In 1044, William became Margrave of the Nordmark. In 1056, the Saxons were defeated by the Liutizi at the Battle of Pritzlawa (Havelmündung), and William was killed. The Emperor Henry III and Lothair Udo I died the same year. Lothair Udo II came into a very strong position and became margrave the next year.

Lothair initially placed himself in opposition to the Billung family and Adalbert of Bremen. Adalbert had won great influence over the young King Henry IV and he designed to extend the influence of the Archdiocese of Hamburg-Bremen over the various small counties of Saxony, especially between the Elbe and the Weser in order to better evangelise the Slavs. In 1063, Adalbert annexed Stade from Lothair. Originally he had supported Lothair as a counterweight to Billung influence in Saxony, but military conflict soon broke out between the Udonids and the Billungs.

After Henry IV came of age in 1065, Lothair recovered his lost territories from the Billung and Adalbert, whose took a serious setback (1066). In 1068, Lothair was granted the March of Zeitz. In that year, he and Henry attacked the Liutizi along the Elbe, but in 1069 they called the expedition off in failure.

In 1071, Lothair was involved in the conspiracy of Bardowiek. In 1073, he was on the side of the king, but the policy of Adalbert and his successor Liemar put him at odds with the royal party again. In 1075, he fought under Otto of Nordheim at the Battle of Homburg against the king. They were defeated. Lothair immediately made peace with the king to allow his hostage son to go free. The rest of the Saxon nobles went through long negotiations.

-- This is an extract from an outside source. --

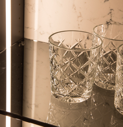 深みのある輝きをたたえる鏡面扉はストレージに高級感を与え、空間のアクセントとなります。
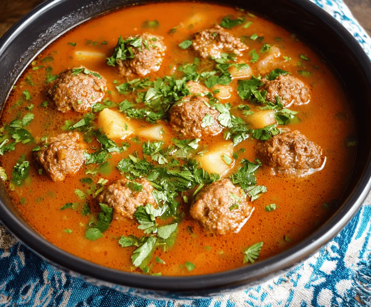 Pour in the beef broth and bring everything to a gentle boil. Once it’s bubbling, reduce the heat to a simmer. Carefully add the meatballs one by one into the soup, avoiding overcrowding. Gently add the diced potatoes as well. Allow the soup to simmer for about 25-30 minutes, or until the meatballs are fully cooked and the potatoes are tender when poked with a fork.

Lothair was succeeded by his son Henry in 1082. His widow was Oda (born c. 1050), daughter of Richenza (daughter of Otto II of Swabia) and Herman III, Count of Werl.

==Marriage and issue==
Lothair Udo married Oda of Werl, daughter of Herman III, Count of Werl, and his wife Richenza. (also Uda and Hilaria; b. ca. 1050), their children were:
- Henry I the Long, Margrave of the Nordmark and Count of Stade (as Henry III) (ca. 1065–27 June 1087), married Eupraxia of Kiev
- Lothair Udo III, Margrave of the Nordmark and Count of Stade (as Lothair Udo IV) (ca. 1070–2 June 1106)
- Rudolf I, Margrave of the Nordmark and Count of Stade (d. 7 December 1124), married Richardis, daughter of Hermann, Count of Sponheim-Lavanttal (d. 22 July 1118), since 1080 Burgrave of Magdeburg, brother of Archbishop Hartwig of Magdeburg.
- Siegfried (d. ca. 1111), Provost at Magdeburg
- Adelaide (Adelheid) (ca. 1065–18 October 1110), married (1) with Frederick III, Count of Goseck (ca. 1065–5 February 1085), also Count of Putelendorf and as Frederick III also Count Palatine of Saxony, and (2) with Louis the Jumper, Count of Schauenburg (near Friedrichroda, Thuringia; 1042–1123) also Count of Thuringia.
Lothair Udo was succeeded as margrave and count by his son Henry upon his death.